_WORK TASK:_ When you reach the line below that has "Una mujer con", start returning lines exactly, and stop after the line that has "O documento descreve"; skip the pictures.

[Dataset entries]
__________________________________________________
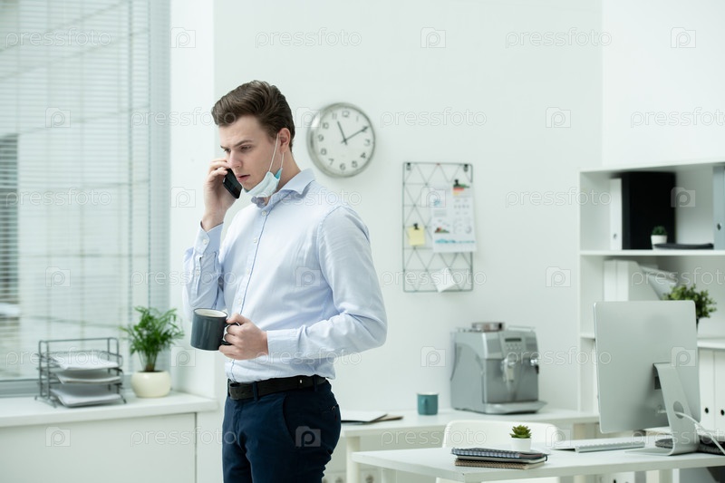 Молодой офисный работник с чашкой горячего напитка консультирует клиента на смартфоне
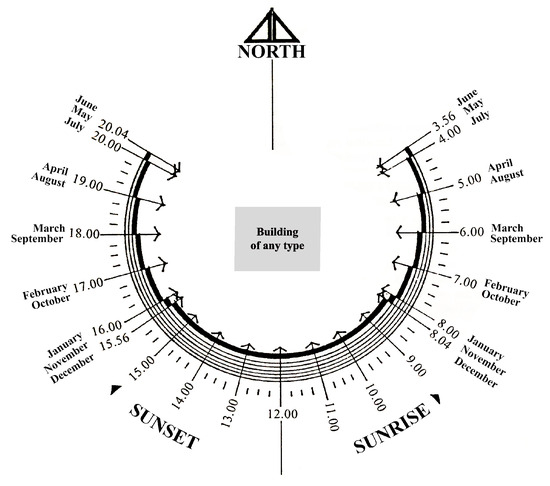 The illumination of a building’s interior is variable and dependent on external factors such as weather, season, time of day, etc. Therefore, an important element in the design of any building is the orientation of its rooms in relation to the cardinal points. At the same time, the destination of the premises must be considered. North is generally considered the best side for a reading room, as this orientation makes it possible to provide diffused light and avoid direct sunlight entering the room. It can be seen from Figure 1 that the north façade of the building receives sunlight only in summer: in the morning and the evening.
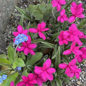 突然葉っぱが出て咲き出すアッツ桜。 今年も色濃く咲いてくれています🩷 可愛い😊 零れ種のワスレナグサも一緒に。 ワスレナグサ、意外といろんなところに種がいくのか、不思議なところから咲いてくれます。 葉っぱが特徴的だけど、不慣れだと雑草と間違えるかも。 うっかり抜くにはもったいない。 白が少なめなので、白だけは意図的に種を取り蒔きしています。 それでも青の方が強いらしく、断然青多め。 やっぱり原種に近い方が丈夫なんでしょうね。
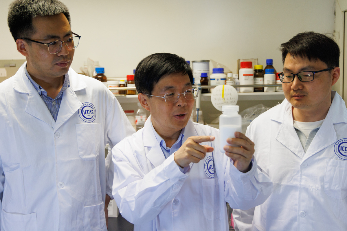 Изследователят Song Yanlin (C), асоциираният изследовател Li Huizeng (L) и доктор Li Kaixuan общуват в лабораторията на Института по химия, Китайската академия на науките (ICCAS), в Пекин, 20 април 2026 г. [Photo/Xinhua]
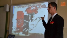 Este viernes 25 de abril se cumplieron cuatro décadas de la Revolución de los Claveles que cambió la historia de Portugal. La Sección de Ciudad Rodrigo de la Escuela Oficial de Idiomas de Salamanca se sumó en la tarde del viernes a la efeméride recibiendo la visita del escritor y profesor portugués Hugo Milhanas Machado.
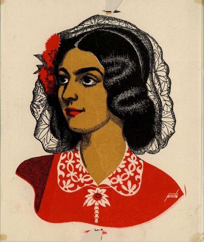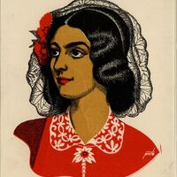 Una mujer con una mantilla sobre su pelo negro, en el que hay también una flor roja, sonríe en este retrato firmado. Su rostro mira hacia el lado derecho y destaca su vestido rojo con la gola blanca. Su piel es muy morena, sus labios son rojos y sus ojos negros son vivaces.Prueba de imprenta. Ilustración realizada para la revista semanal de Novelas y Cuentos. Titulo: Autor: Nº publicado: Fecha: Tomo NC.
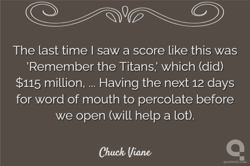 The last time I saw a score like this was 'Remember the Titans,' which (did) $115 million, ... Having the next 12 days for word of mouth to percolate before we open (will help a lot).
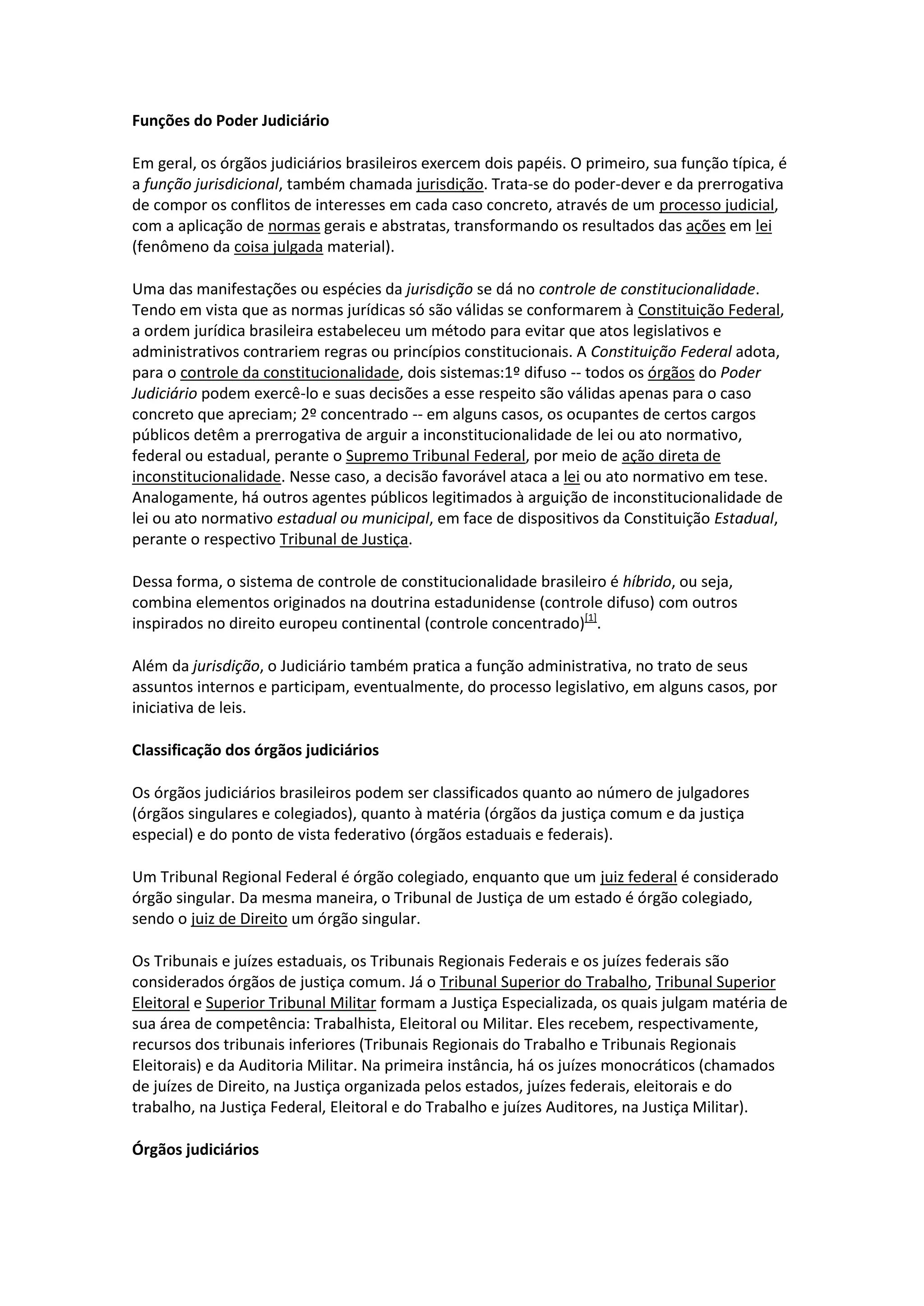 O documento descreve as funções do Poder Judiciário brasileiro. Ele exerce funções jurisdicionais, como julgar casos, e administrativas, como gerenciar seus próprios assuntos. O sistema judiciário brasileiro é composto por vários órgãos que operam nos níveis federal, estadual e municipal. A Constituição Federal estabelece princípios como imparcialidade e independência para garantir o bom funcionamento do Poder Judiciário.
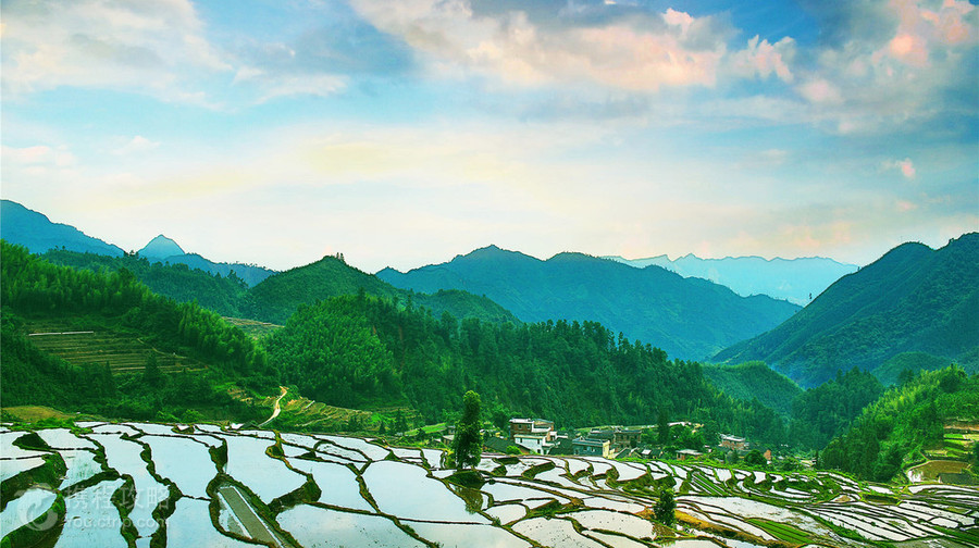 欧家梯田位于广东省清远市连山壮族瑶族自治县太保镇欧家村,地处被誉为“广东岭南屋脊”的连山较高的山峰大雾山麓,海拔400-800米之间,一年四季气候分明,年平均气温为18.9°。它四面环山,森林覆盖率达百分之93,负离子含量很高,是氤氲天地山水灵气的天然森林大氧吧。这里春回醉山花,夏至山峦翠,秋来金穗灿,冬披银毯妆,是四季皆宜的旅游度假之地。 它被誉为中国十大较美梯田,1000多亩梯田呈M字型分布在欧家村周围,是广东省规模大、原始生态的梯田。层层叠叠的梯田依山势延绵而下,蜿蜓起伏,婀娜多姿,阡陌纵横,移步换景。随着季节的转换,梯田呈现不同景观。
__________________________________________________
_WRITTEN RESPONSE:_
 Una mujer con una mantilla sobre su pelo negro, en el que hay también una flor roja, sonríe en este retrato firmado. Su rostro mira hacia el lado derecho y destaca su vestido rojo con la gola blanca. Su piel es muy morena, sus labios son rojos y sus ojos negros son vivaces.Prueba de imprenta. Ilustración realizada para la revista semanal de Novelas y Cuentos. Titulo: Autor: Nº publicado: Fecha: Tomo NC.
 The last time I saw a score like this was 'Remember the Titans,' which (did) $115 million, ... Having the next 12 days for word of mouth to percolate before we open (will help a lot).
 O documento descreve as funções do Poder Judiciário brasileiro. Ele exerce funções jurisdicionais, como julgar casos, e administrativas, como gerenciar seus próprios assuntos. O sistema judiciário brasileiro é composto por vários órgãos que operam nos níveis federal, estadual e municipal. A Constituição Federal estabelece princípios como imparcialidade e independência para garantir o bom funcionamento do Poder Judiciário.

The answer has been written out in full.